§ WHAT IS BEING ASKED
With the pictures left out, restate exactly the part below that opens with the line containing "Select 1 face-up" and closes with the line containing "Декоративная лодка из".
========================================================================
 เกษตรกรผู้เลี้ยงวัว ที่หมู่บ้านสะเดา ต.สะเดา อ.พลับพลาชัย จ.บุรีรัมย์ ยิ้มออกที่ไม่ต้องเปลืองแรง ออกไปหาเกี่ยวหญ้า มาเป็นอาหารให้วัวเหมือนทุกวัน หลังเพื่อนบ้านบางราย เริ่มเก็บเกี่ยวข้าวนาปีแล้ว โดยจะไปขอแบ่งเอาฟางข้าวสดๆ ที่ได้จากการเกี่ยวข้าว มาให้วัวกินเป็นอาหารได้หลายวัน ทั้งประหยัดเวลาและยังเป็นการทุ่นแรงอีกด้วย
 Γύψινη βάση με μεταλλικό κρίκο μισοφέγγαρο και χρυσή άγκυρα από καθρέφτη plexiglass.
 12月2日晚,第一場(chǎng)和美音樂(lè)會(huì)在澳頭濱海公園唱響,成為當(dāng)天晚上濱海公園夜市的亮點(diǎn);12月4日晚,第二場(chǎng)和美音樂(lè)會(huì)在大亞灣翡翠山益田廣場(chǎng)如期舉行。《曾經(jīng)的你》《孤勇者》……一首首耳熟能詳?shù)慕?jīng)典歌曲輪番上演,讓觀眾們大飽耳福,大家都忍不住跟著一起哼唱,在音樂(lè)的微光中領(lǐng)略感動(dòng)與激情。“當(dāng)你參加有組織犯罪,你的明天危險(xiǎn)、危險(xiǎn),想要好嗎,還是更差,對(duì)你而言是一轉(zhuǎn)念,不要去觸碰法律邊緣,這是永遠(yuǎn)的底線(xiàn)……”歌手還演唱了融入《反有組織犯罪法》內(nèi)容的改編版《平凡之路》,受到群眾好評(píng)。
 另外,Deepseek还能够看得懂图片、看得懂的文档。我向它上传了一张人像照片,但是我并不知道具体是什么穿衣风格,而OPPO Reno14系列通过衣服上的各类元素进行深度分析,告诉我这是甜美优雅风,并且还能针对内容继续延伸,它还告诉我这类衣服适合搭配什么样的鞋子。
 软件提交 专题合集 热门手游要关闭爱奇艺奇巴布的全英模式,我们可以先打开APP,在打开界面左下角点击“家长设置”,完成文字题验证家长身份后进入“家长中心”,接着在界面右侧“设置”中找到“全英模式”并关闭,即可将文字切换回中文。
========================================================================
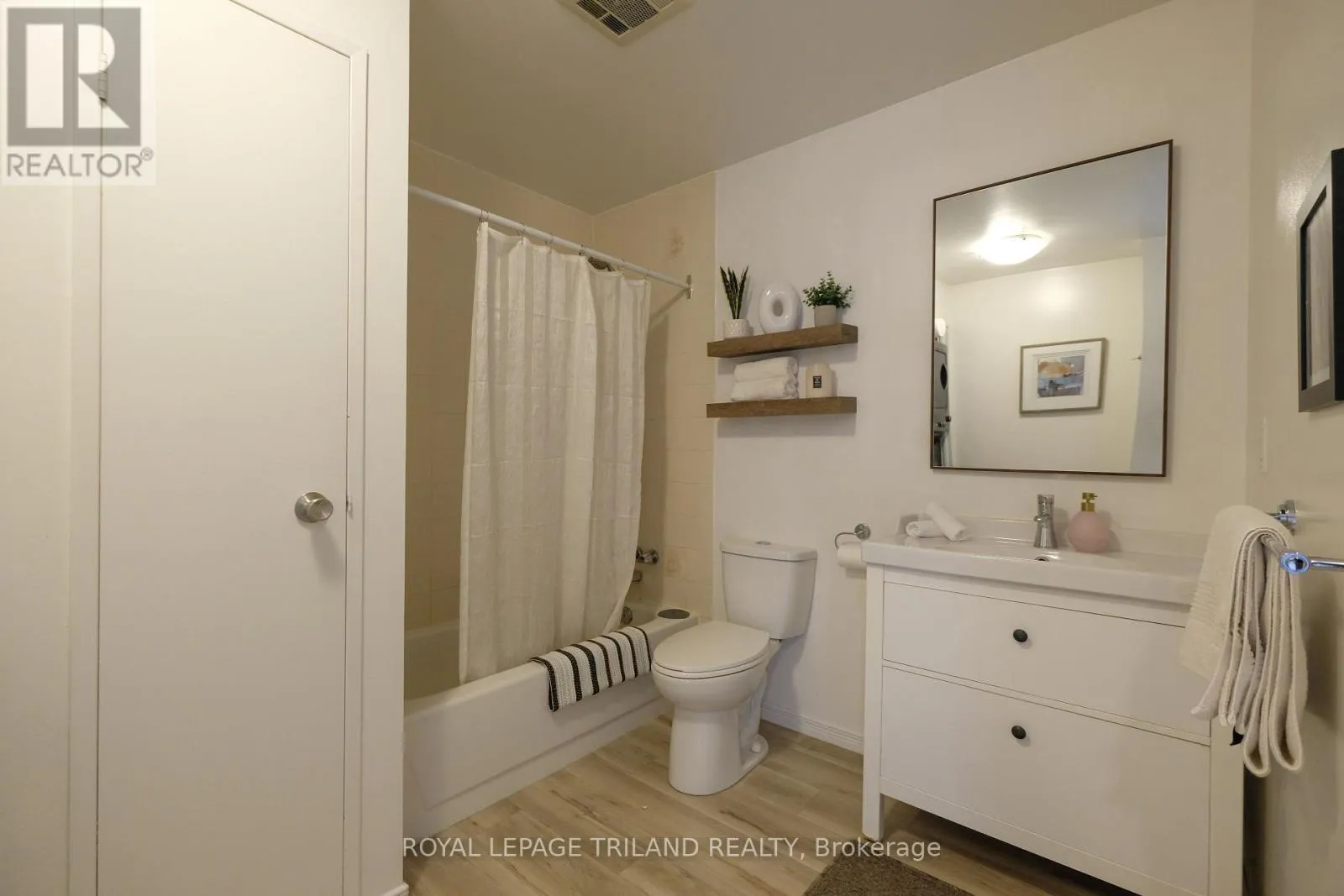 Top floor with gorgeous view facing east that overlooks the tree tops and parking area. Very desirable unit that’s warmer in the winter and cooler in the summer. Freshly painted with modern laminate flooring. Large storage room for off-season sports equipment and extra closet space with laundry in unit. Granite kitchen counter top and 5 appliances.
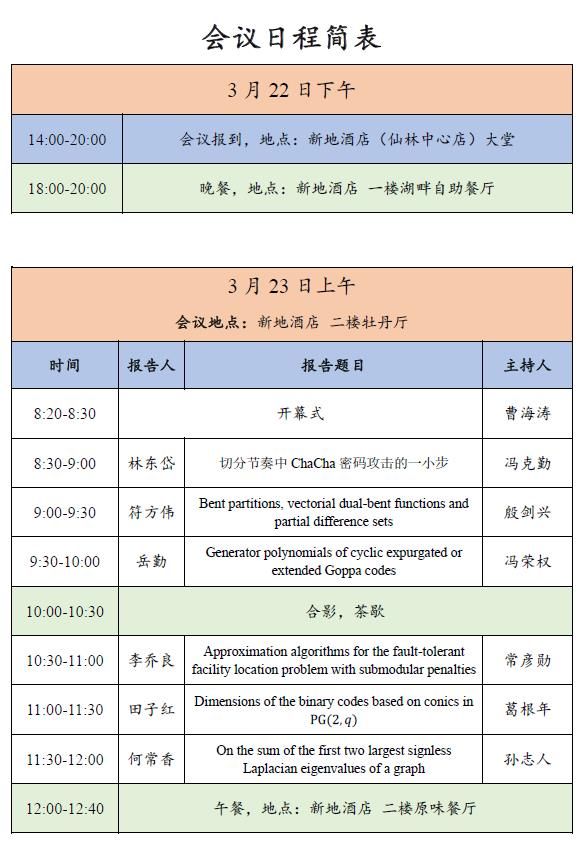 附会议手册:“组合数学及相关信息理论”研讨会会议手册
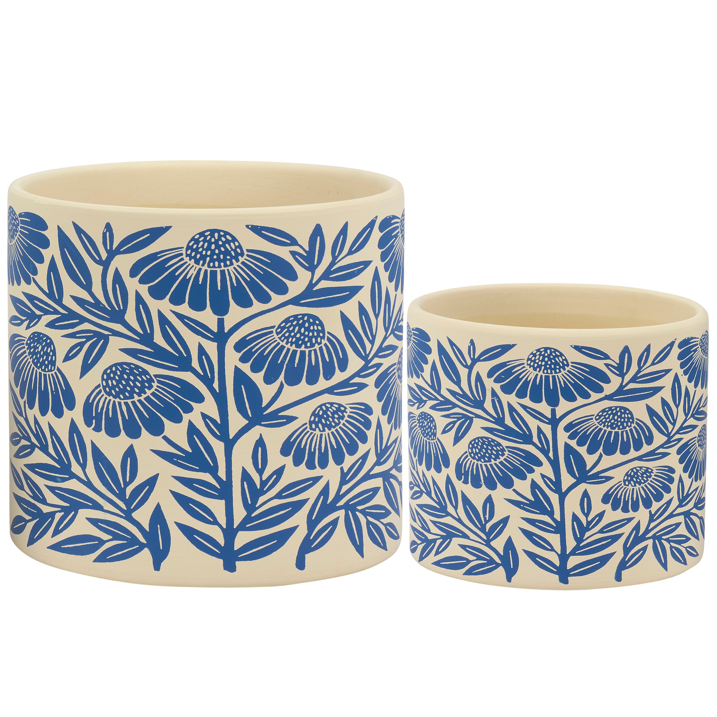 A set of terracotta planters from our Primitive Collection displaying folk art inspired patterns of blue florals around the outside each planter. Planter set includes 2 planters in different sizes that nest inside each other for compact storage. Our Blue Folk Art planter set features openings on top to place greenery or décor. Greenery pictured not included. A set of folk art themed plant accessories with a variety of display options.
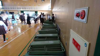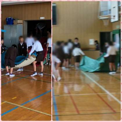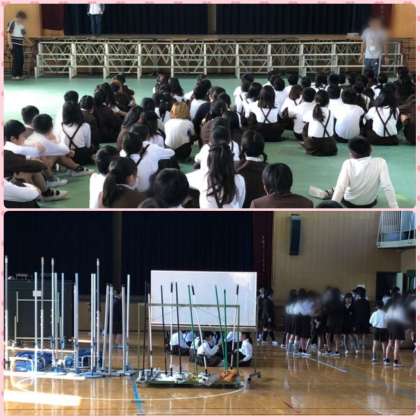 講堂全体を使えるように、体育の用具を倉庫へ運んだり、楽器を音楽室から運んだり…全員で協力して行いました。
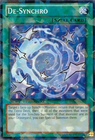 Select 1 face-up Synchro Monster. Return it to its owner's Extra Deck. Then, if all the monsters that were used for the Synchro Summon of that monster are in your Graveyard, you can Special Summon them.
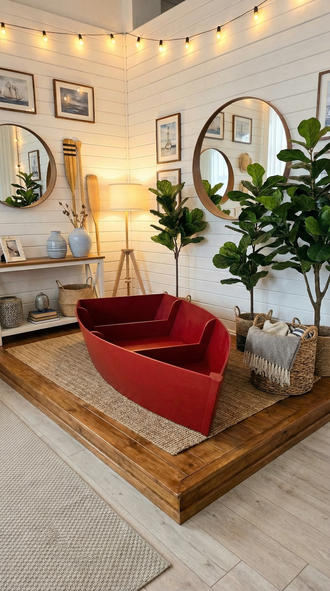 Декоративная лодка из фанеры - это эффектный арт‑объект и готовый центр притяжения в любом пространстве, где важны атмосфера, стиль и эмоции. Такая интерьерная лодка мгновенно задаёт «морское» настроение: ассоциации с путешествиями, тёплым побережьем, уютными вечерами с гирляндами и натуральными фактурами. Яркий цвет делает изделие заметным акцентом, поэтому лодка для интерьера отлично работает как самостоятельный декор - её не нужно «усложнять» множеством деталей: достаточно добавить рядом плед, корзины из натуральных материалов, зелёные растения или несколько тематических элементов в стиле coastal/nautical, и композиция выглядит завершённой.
========================================================================
§ RESPONSE BELOW
 Select 1 face-up Synchro Monster. Return it to its owner's Extra Deck. Then, if all the monsters that were used for the Synchro Summon of that monster are in your Graveyard, you can Special Summon them.
 Декоративная лодка из фанеры - это эффектный арт‑объект и готовый центр притяжения в любом пространстве, где важны атмосфера, стиль и эмоции. Такая интерьерная лодка мгновенно задаёт «морское» настроение: ассоциации с путешествиями, тёплым побережьем, уютными вечерами с гирляндами и натуральными фактурами. Яркий цвет делает изделие заметным акцентом, поэтому лодка для интерьера отлично работает как самостоятельный декор - её не нужно «усложнять» множеством деталей: достаточно добавить рядом плед, корзины из натуральных материалов, зелёные растения или несколько тематических элементов в стиле coastal/nautical, и композиция выглядит завершённой.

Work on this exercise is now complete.